Post 32, Whither Adventist Studies: Several doctoral studies point the way

Dear Reader, if you go to the archives of this website you will find a blog (dated 2 November 2011) about one of my favorite Old Testament exegetes, Dr Alden Thompson. There is no need to offer a biography of Dr Thompson here, since you easily can read that (plus his actual writings) on his website at Walla Walla University. Recently I asked Dr Thompson to write a short paragraph introducing readers to a book (my papers and articles) that another colleague is editing for publication. On 12 December 2011 Dr Thompson wrote:

Fresh excitement is stirring in Adventist Studies and Arthur Patrick has played a key role in the resurgence. His article in the Journal of Religious History (September 2010) is just one example of the quality materials he has produced. This collection of essays is a good sign that the old paucity is being replaced by a new richness.

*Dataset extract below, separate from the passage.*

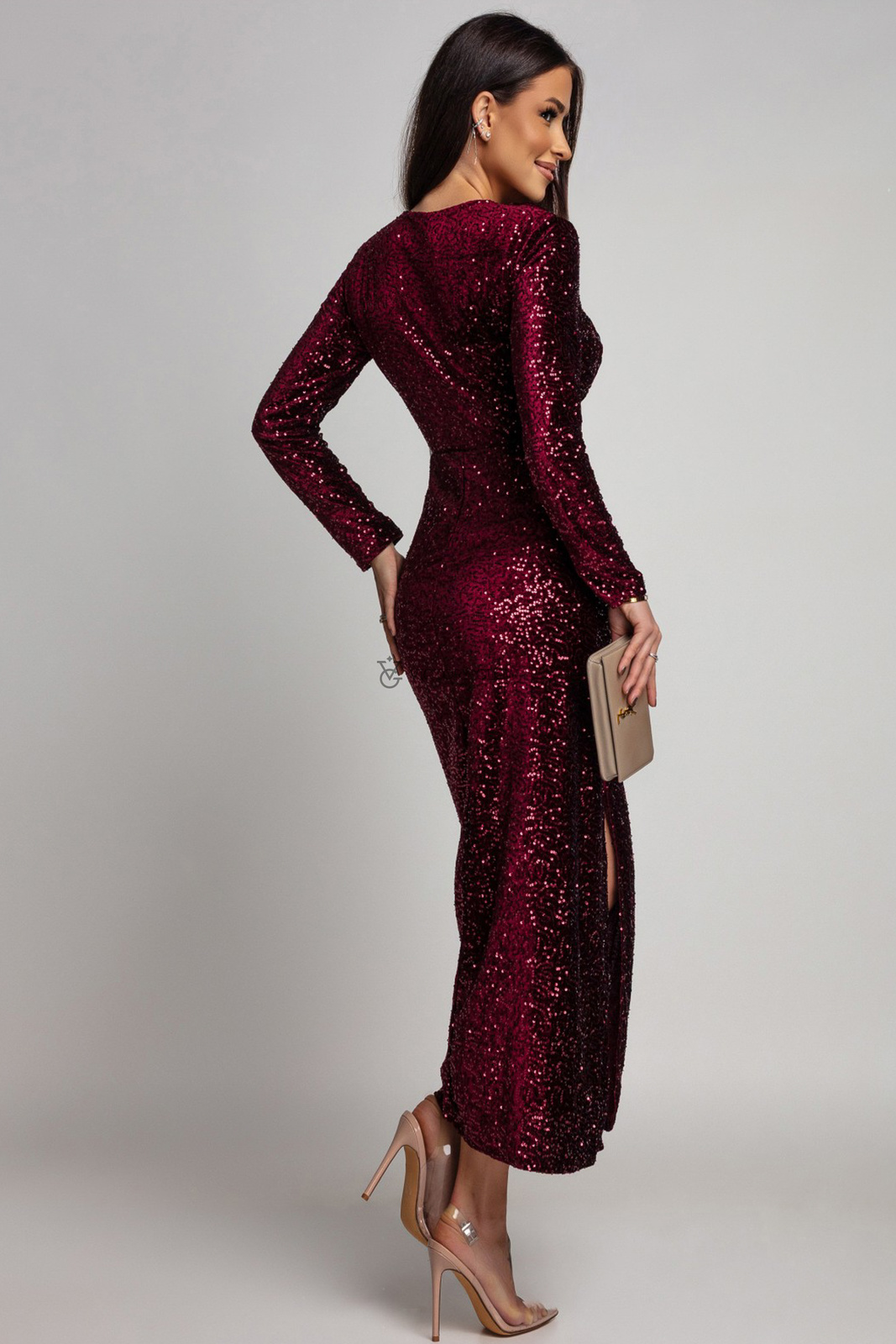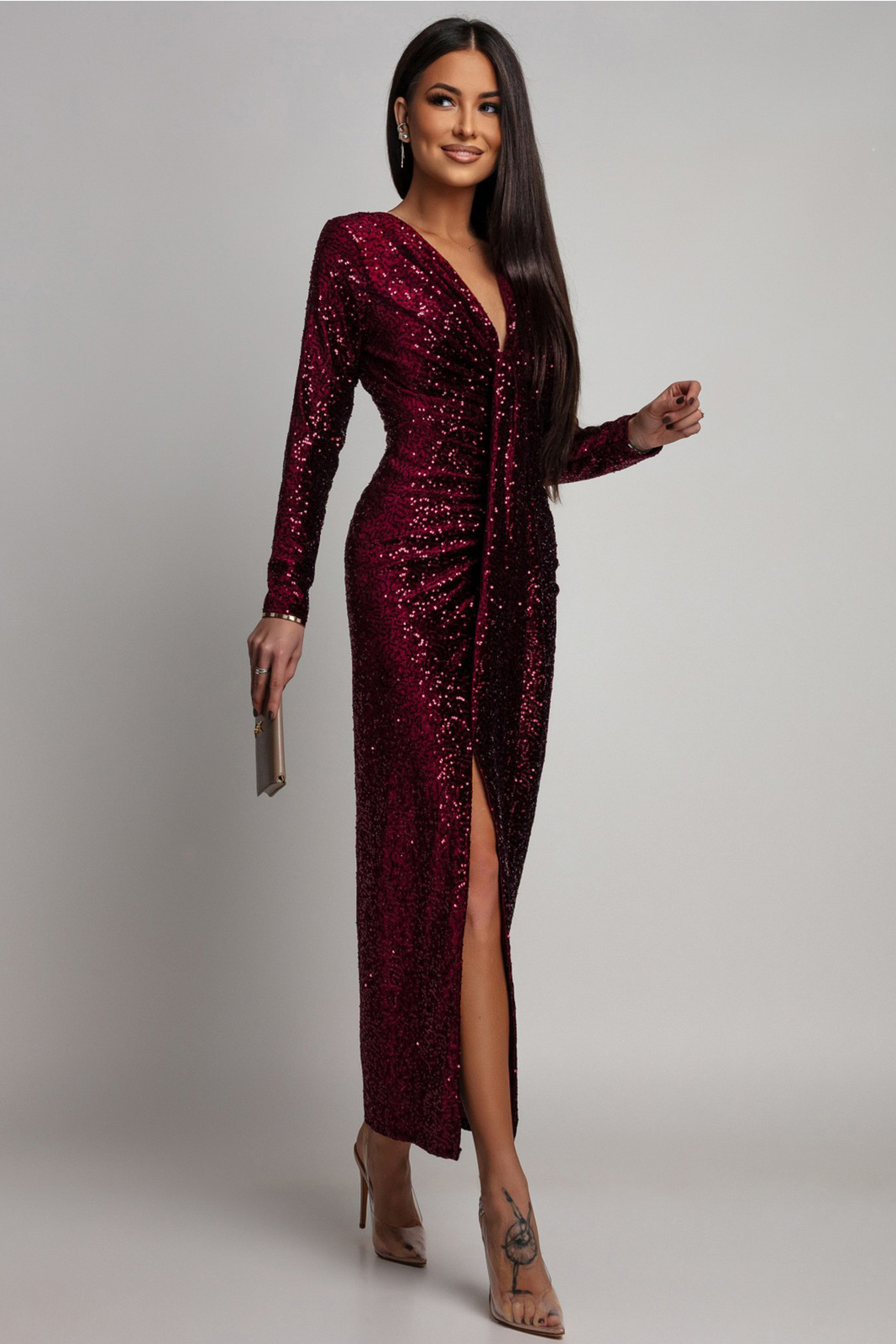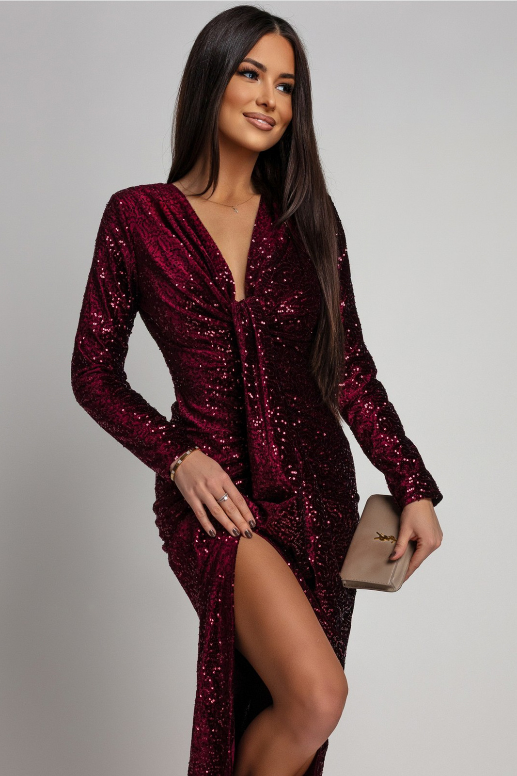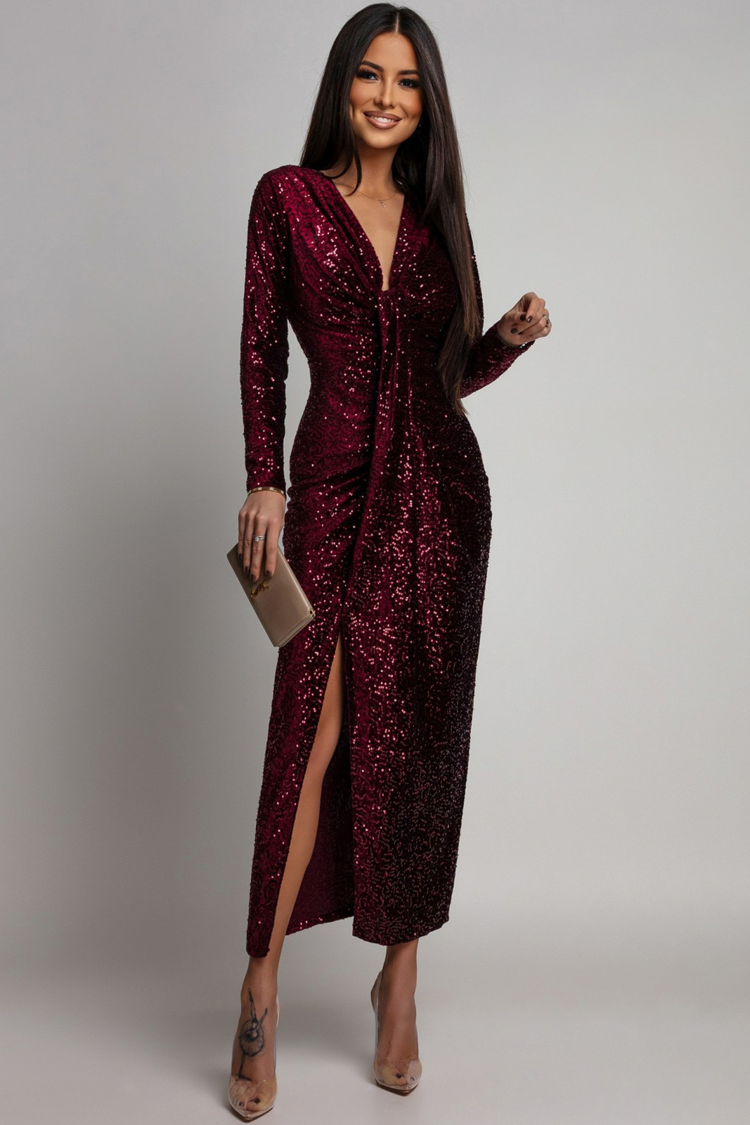 Sukienka cekinowa z drapowaniem Linett bordowa

There is evidence that “fresh excitement is stirring in Adventist Studies” to the extent that I dearly hope “the old paucity is being replaced by a new richness.” It was a thrill to see a German pastor receive a PhD degree on 11 December 2011, at the annual graduation for students of Avondale College of Higher Education. His thesis in impressive indeed; its content and its thoroughness speak volumes for the diligence of the candidate and the competence of his principal supervisor, Dr Steven Thompson. PhD projects in Australia are examined by external scholars who have expertise in the academic discipline that is under consideration. The principal academic focus of the German pastor’s thesis was Biblical Studies, so why do I mention it in a blog about Adventist Studies?

I mention the academic discipline of Biblical Studies precisely because it is so crucial for Adventist Studies. We take a high view of the Bible and a low view of creeds. When we say, in the preamble to our Fundamental Beliefs, that we “accept the Bible as our only creed” we mean that we are determined to mine the whole of Scripture for everything it tells us about God, Christ, the Holy Spirit, humanity, sin, salvation, eternity, and so on. This might be described as a “big ask,” or even an impossible ask, but it is our task. To highlight the centrality of the Bible over against the interpretations of the Bible that we find in the Christian creeds, it is well for us to remember John N. Loughborough’s vivid warning about the potential misuse of statements of faith:

The first step of apostasy is to get up a creed, telling us what we shall believe. The second is to make that creed a test of fellowship. The third is to try members by that creed. The fourth is to denounce as heretics those who do not believe that creed. And, the fifth is to commence persecution against such (Review and Herald, 8 October 1861, 148).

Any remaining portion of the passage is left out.